Commonly called as Addy (アディ, Adi). She is one of Eru's childhood friends and an illegitimate noble. She and her brother initially intend to run away from home but are motivated by Eru's excellence and learn magic from him. Initially fond of Eru for his cute appearance, Addy developed strong feelings for him over time to the point where she finds it hard to be apart from him. She marries Eru at the end of Volume 9 of the light novel.
- Archid Olter (アーキッド・オルター, Ākiddo Orutā)

Commonly called as Kid (キッド, Kiddo). He is Addy's twin brother and another of Eru's childhood friends who also learn magic from him. Because he and his sister are illegitimate children of Marquis Serrati and his mistress, he does not get along with his father and his legal family, especially his older-half brother Baltsar who despises them as the latter fears their father might legitimize them and make Kid his heir. The granddaughter of King Ambrosius develops affection for him as a result of a rescue romance; she is the queen of Kerspercha, the neighboring kingdom.
- Edgar C. Blanche (エドガー・C・ブランシュ, Edogā C Buranshu)

Eru's senior and considered the top Knight Runner in the school. His Silhouette Knight is armed with a shield. Generally, his character was frequently described and considered as consistently competent, but he often indicated his inflexible mind and conservative view.
- Dietrich Knitz (ディートリヒ・クーニッツ, Dītorihi Kūnittsu)

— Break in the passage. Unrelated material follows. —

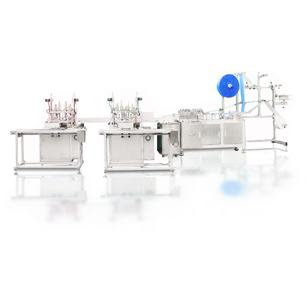 SAOL-03/12全自動(dòng)口罩機(jī)為我司為抗擊疫情,集中技術(shù)力量進(jìn)行攻關(guān),而研制的全自動(dòng)口罩生產(chǎn)線,可生產(chǎn)一次性多層平面口罩。生產(chǎn)線采用一拖二集成方案(1臺(tái)自動(dòng)打片機(jī)+2臺(tái)耳線焊接機(jī)),使用電腦PLC編程控制,實(shí)現(xiàn)了原材料自動(dòng)放卷、自動(dòng)輸送、切斷鼻梁條、口罩邊緣焊接、超音波融合、成型切斷、耳線焊接等全制程自動(dòng)化,24小時(shí)滿負(fù)荷產(chǎn)能最高可以達(dá)到12萬只/每天。 全自動(dòng)口罩機(jī)是由一臺(tái)主機(jī)加兩臺(tái)耳帶焊接機(jī),通過一條一分二的傳送線連線而成。每臺(tái)設(shè)備僅需一名操作人員,即可實(shí)現(xiàn)從卷料上料、折疊壓合成型及分切、耳帶上料機(jī)焊接、下料的全自動(dòng)生產(chǎn)過程,大大提高了生產(chǎn)效率。

One of Eru's seniors and a Knight Runner. He is rather arrogant but after running away during a fight against a behemoth, he changes his behavior and becomes more responsible. Since the change of behavior, due to the aftermath of a fight against a behemoth, he becomes rather aggressive for some period.
- Helvi Oberi (ヘルヴィ・オーバーリ, Heruvi Ōbāri)

Another of Eru's seniors and a Knight Runner. She is filled with a determination to win. Helvi seems to be the only other female Knight Runner of the Silver Phoenix Order besides Addy.
- Batson Termonen (バトソン・テルモネン, Batoson Terumonen)

A dwarf boy who wants to become a blacksmith and a friend of Eru.
- David Hepken (ダーヴィド・ヘプケン, Dāvido Hepuken)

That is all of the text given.